= Beginning of Section =

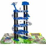 La construction à plusieurs étages propose des trajets entre les niveaux, des places de stationnement et une zone d’atterrissage pour hélicoptère. Idéal pour un jeu dynamique et créatif.
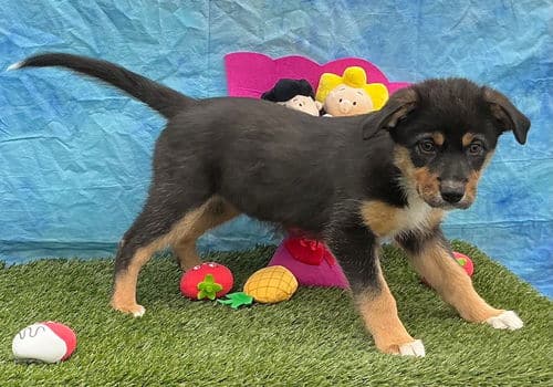 Zayda is a three-month-old female Aussie/Rottie/maybe Heeler mix, surrendered to us when their other dog did not like her. She has that herding/nipping instinct like Heelers so perhaps best with children ten years or older as toddlers and their parents may not understand her nipping at their heels to herd them. Zayda should be in the 60-70 lb range when fully grown and her foster mom reports that “Zayda is very smart happy playful puppy.. absolutely loves the water! And quite the cuddle bug! Knows the doggy door!”
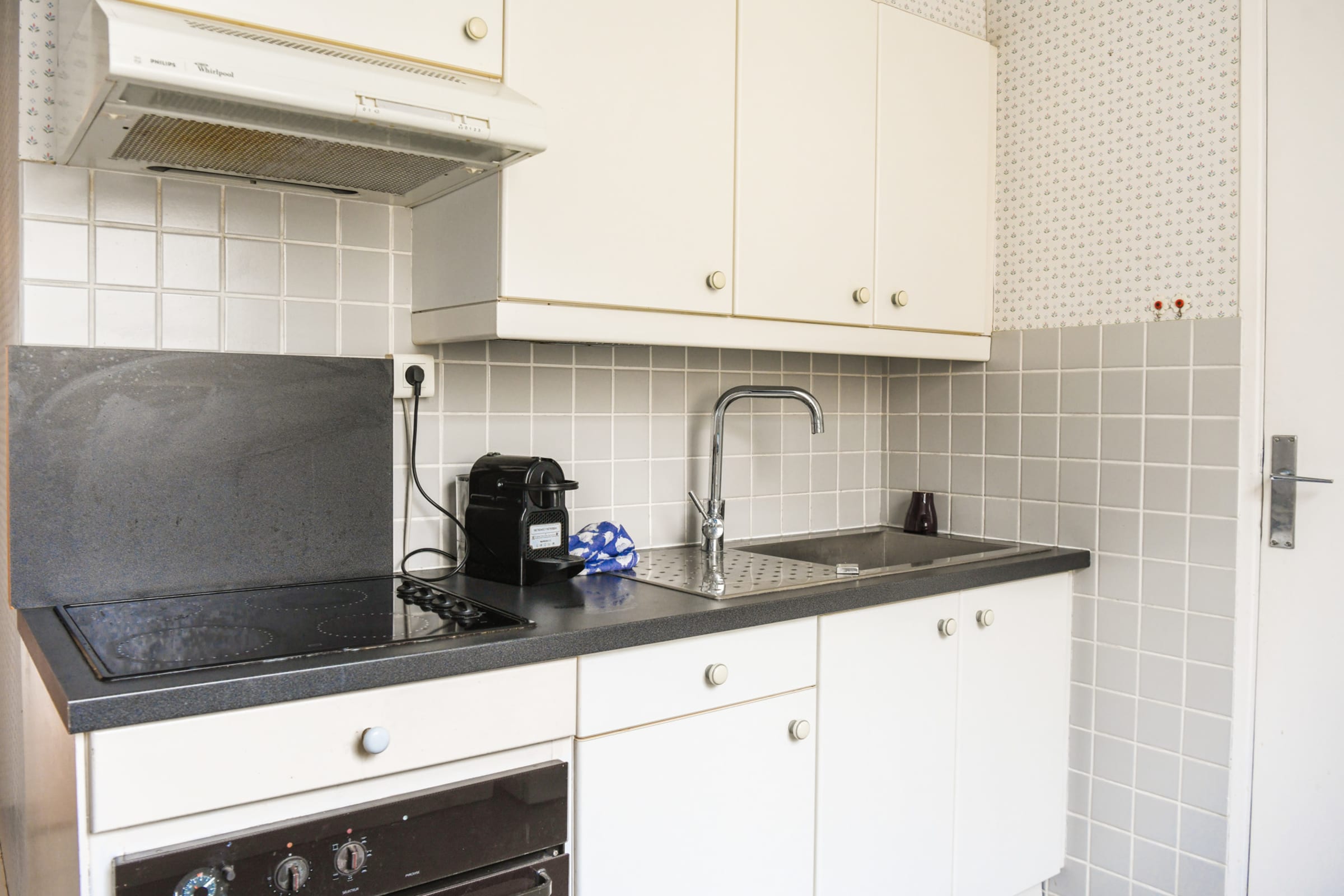 La cuisine entièrement équipée et fonctionnelle avec un réfrigérateur, un micro-onde, une machine à café Nespresso et de tous les ustensiles pour cuisiner.
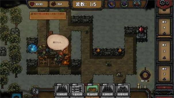 5、当然我们可以卖掉已有的陷阱,再重新建造新的陷阱来防御另一侧的敌人,但需要注意的是,如果开局提供的免费陷阱以及手牌中部分可免费放置的陷阱被出售,是不会获得资源的。
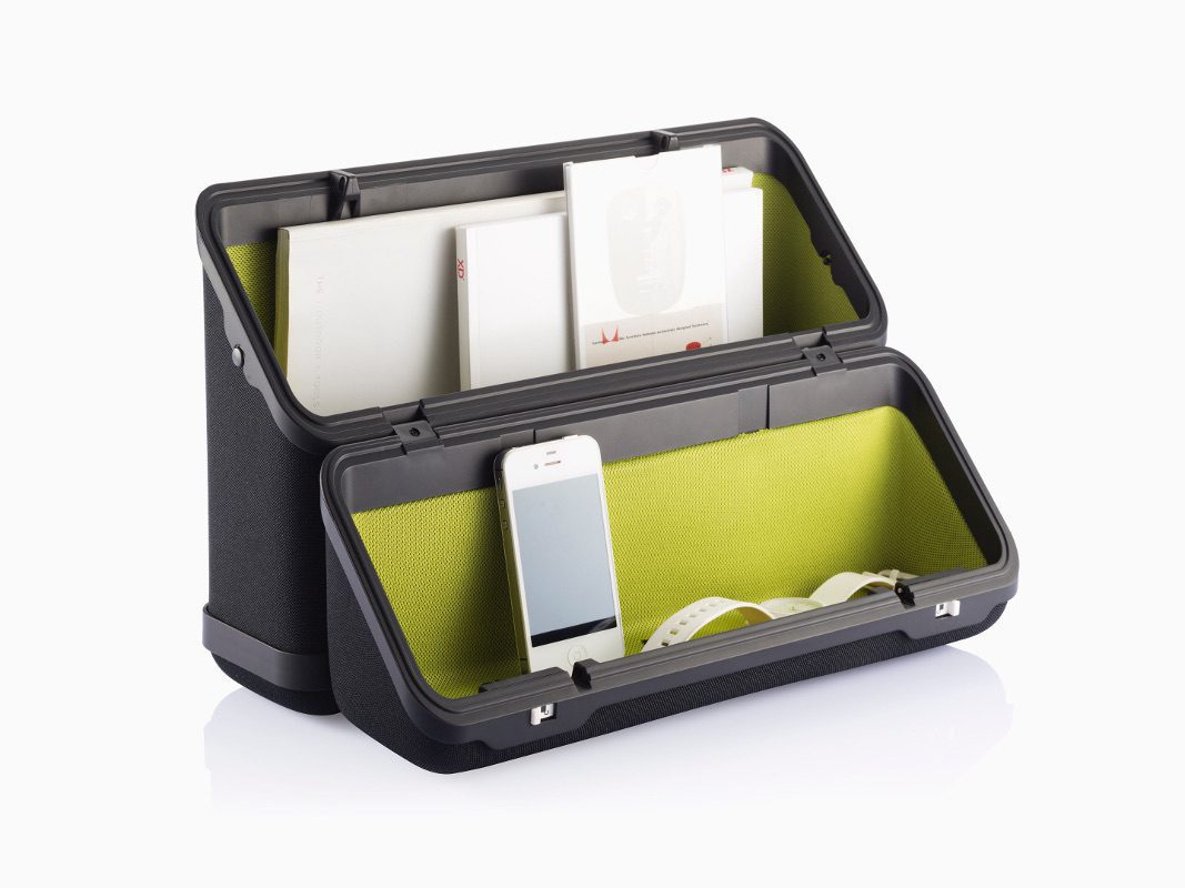 Positioned horizontally or vertically on the desktop, Anywhere Case provides a convenient and unobtrusive space to arrange stationery, notepads, business cards, paperwork and documents, enabling the user to work in a compact, efficient and effective manner, anywhere.

= End of Section =

[Task to complete] Write out word for word the lines above that run from the one with "La cuisine entièrement" to the one with "5、当然我们可以卖掉已有的陷". Include both end lines; exclude the images.

[Exercise answer]
 La cuisine entièrement équipée et fonctionnelle avec un réfrigérateur, un micro-onde, une machine à café Nespresso et de tous les ustensiles pour cuisiner.
 5、当然我们可以卖掉已有的陷阱,再重新建造新的陷阱来防御另一侧的敌人,但需要注意的是,如果开局提供的免费陷阱以及手牌中部分可免费放置的陷阱被出售,是不会获得资源的。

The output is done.